A ESQUERDA INCULTA

A esquerda inculta (1): a tirania fiscal

A “narrativa” é esta: o primeiro-ministro Pedro Passos Coelho não se limitou a decretar mais impostos e a aumentar os existentes; também criou mecanismos terríveis e tirânicos de os cobrar, incluindo neles a perseguição fiscal a quem passou portagens sem as pagar e os mecanismos de penhora fiscal cega. E foi o próprio que não pagou impostos. E isto serve para tudo, incluindo para (remédio santo para tudo, este) pedir a demissão do actual primeiro-ministro.
A isto junta-se outra “narrativa”, cautelosa por causa dos rabos de palha: a tirania fiscal é boa se for exercida por um governo de esquerda; é má se o governo for de direita.
O incêndio da indignação fervorosa alastra dos jornais às redes sociais e, por todos os motivos (e alguns dão pena), juntam-se ao coro os bem-intencionados, os que sofrem de iliteracias várias e os, pura e simplesmente, burros. Além dos que não têm memória ou idade.
A tirana fiscal que sofremos, note-se, tem mais de dez anos. Ela nasce do aperfeiçoamento de um mecanismo de controlo fiscal que foi levado aos extremos sob a orientação do actual ministro da Saúde, Paulo Macedo, quando foi director-geral dos Impostos (entre 2004 e 2007).
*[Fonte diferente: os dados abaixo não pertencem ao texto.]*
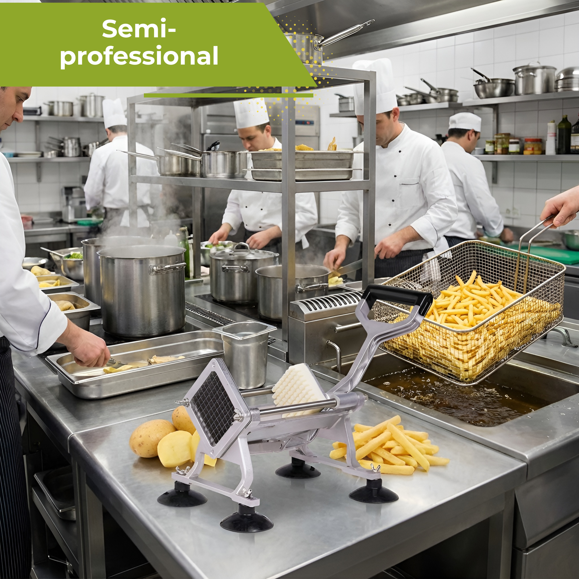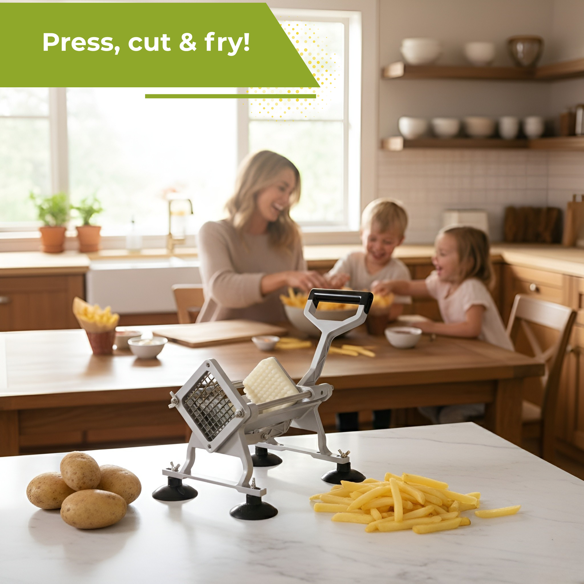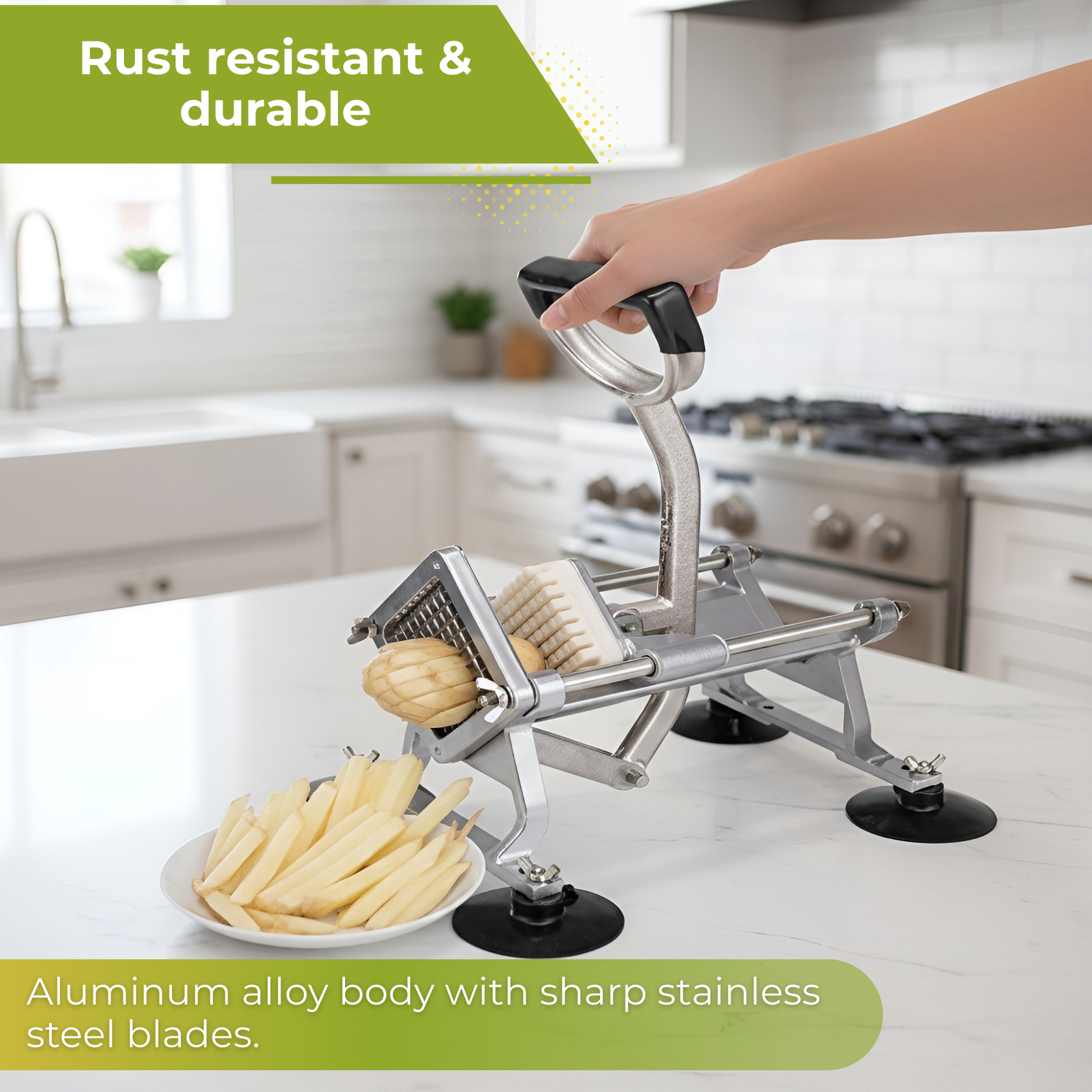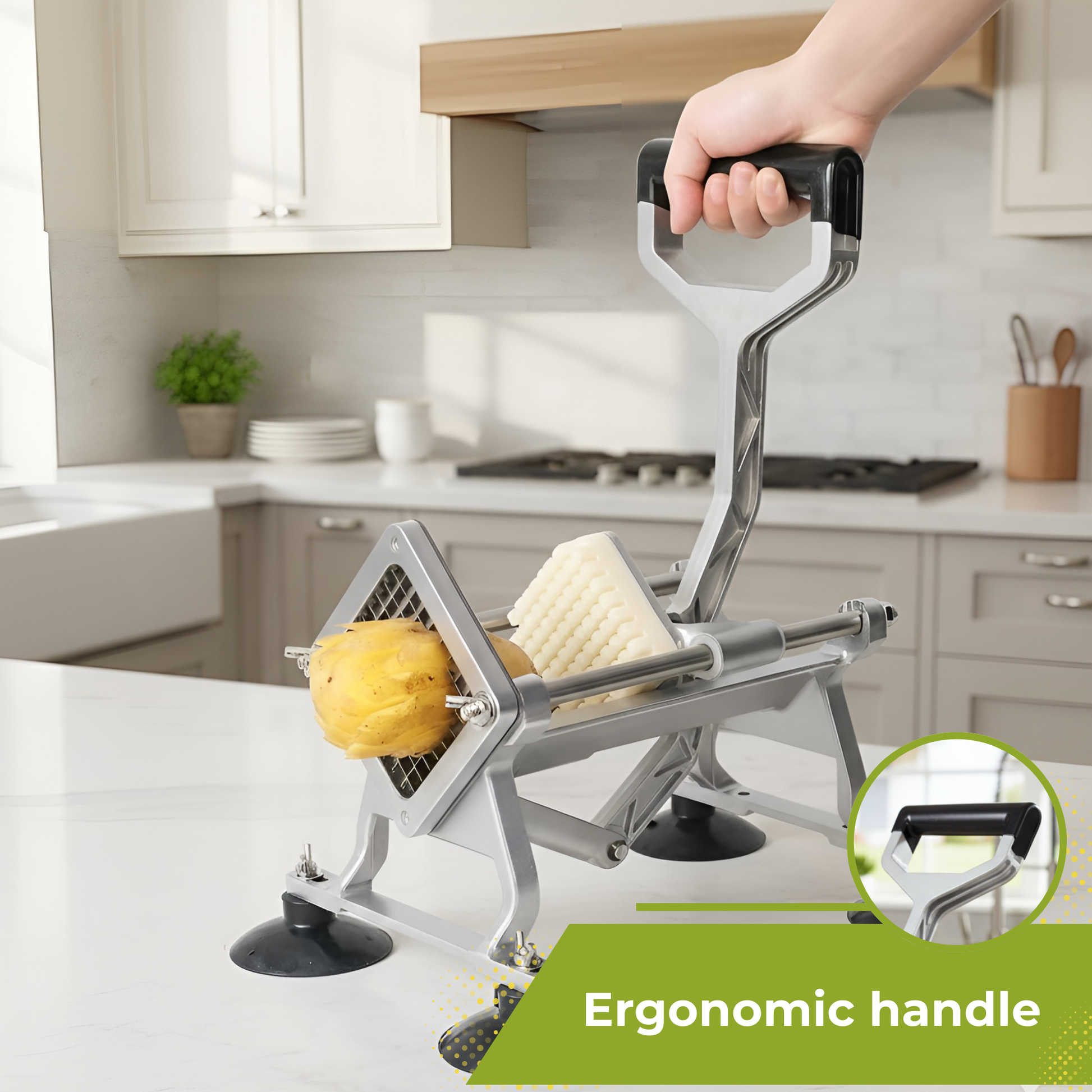 Maak in een handomdraai perfecte frietjes en gelijkmatige groentesticks met deze professionele French Fry Cutter van HI NATURE™. Dankzij de stevige constructie, verwisselbare messen en krachtige hefboom is dit dé keukenhulp voor iedereen die houdt van snelheid én precisie. Ideaal voor aardappelen, wortels, komkommers, uien en nog veel meer — geschikt voor zowel thuis als in de horeca.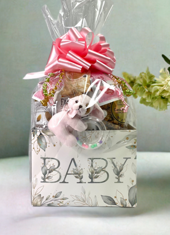 Includes Baby rattle for a girl or boy, 2 Pepperidge Farm Crackers, Farmhouse Cookie Bag, Goldfish,  Feridies 3oz Peanut Bag, Caramel Popcorn, Milano Cookies, Chessmen Cookies or Veronas, and 2 New Baby packets of Jelly Beans (It's a Boy or Girl!)

Paulo Macedo (que se notabilizou por algumas cerimónias de exaltação interna, como um encontro de funcionários ao som da banda sonora de “Gladiador” e uma missa) foi nomeado para o cargo pela então ministra das Finanças, Manuela Ferreira Leite (quando foi primeiro-ministro Durão Barroso). Não foi só a hegemonia do “pague primeiro, reclame depois” mas o lançamento de um sistema que não deixava nada direito: quem se atrasasse, ou fugisse e fosse apanhado, pagava o que devia, as multas que se pudessem arranjar, juros e custas e arriscava-se a perder salário, casa e o que mais tivesse em seu nome.  
Os dois governos de José Sócrates (2005 – 2011) não só não mudaram nada como intensificaram os mecanismos de repressão. As infracções decorrentes do não pagamento de portagens e os processos e multas que dão origem a dívidas monumentais foram reguladas em 2010. 
Nenhum governo deu facilidades aos contribuintes neste domínio e aquelas que existem, pelo recurso à Internet, visaram apenas tornar mais fácil a cobrança de impostos, que foram sempre a grande ferramenta do Estado para se suportar a si próprio. 
Porque mesmo o esclarecimento se tornou complexo. Os códigos fiscais multiplicaram-se e tem havido disposições que mudam de ano para ano. 
A situação é semelhante no que se refere à Segurança Social. Raro há-de ser o português que, tendo qualquer tipo de rendimento que obrigue a pagar impostos (máquina fiscal e Segurança Social), nunca teve um problema na vida neste domínio. E a grande maioria dos contribuintes há-de ter sido derrotada aos balcões da Segurança Social ou do fisco – campos de batalha onde muita gente se sente diminuída e inferiorizada perante funcionários não poucas vezes arrogantes.
O problema da “narrativa” sobre os impostos de há mais de dez anos do primeiro-ministro e dos pagamentos feitos com atrasado à Segurança Social é o de unir o desconhecimento (voluntário ou involuntário) ao combate político. 
Trata-se, aqui, do mero aproveitamento de uma oportunidade de poder ver o actual governo demitido antes das eleições legislativas (e a demissão de cargos, públicos e privados, é sempre o grande remédio para tudo...), cujo resultado deixou de ser garantido. Até porque seria interessante que os defensores da demissão de Passos Coelho fizessem prova de que nunca se atrasaram no pagamento ou na declaração de um imposto ou no cabal esclarecimento da sua situação contributiva.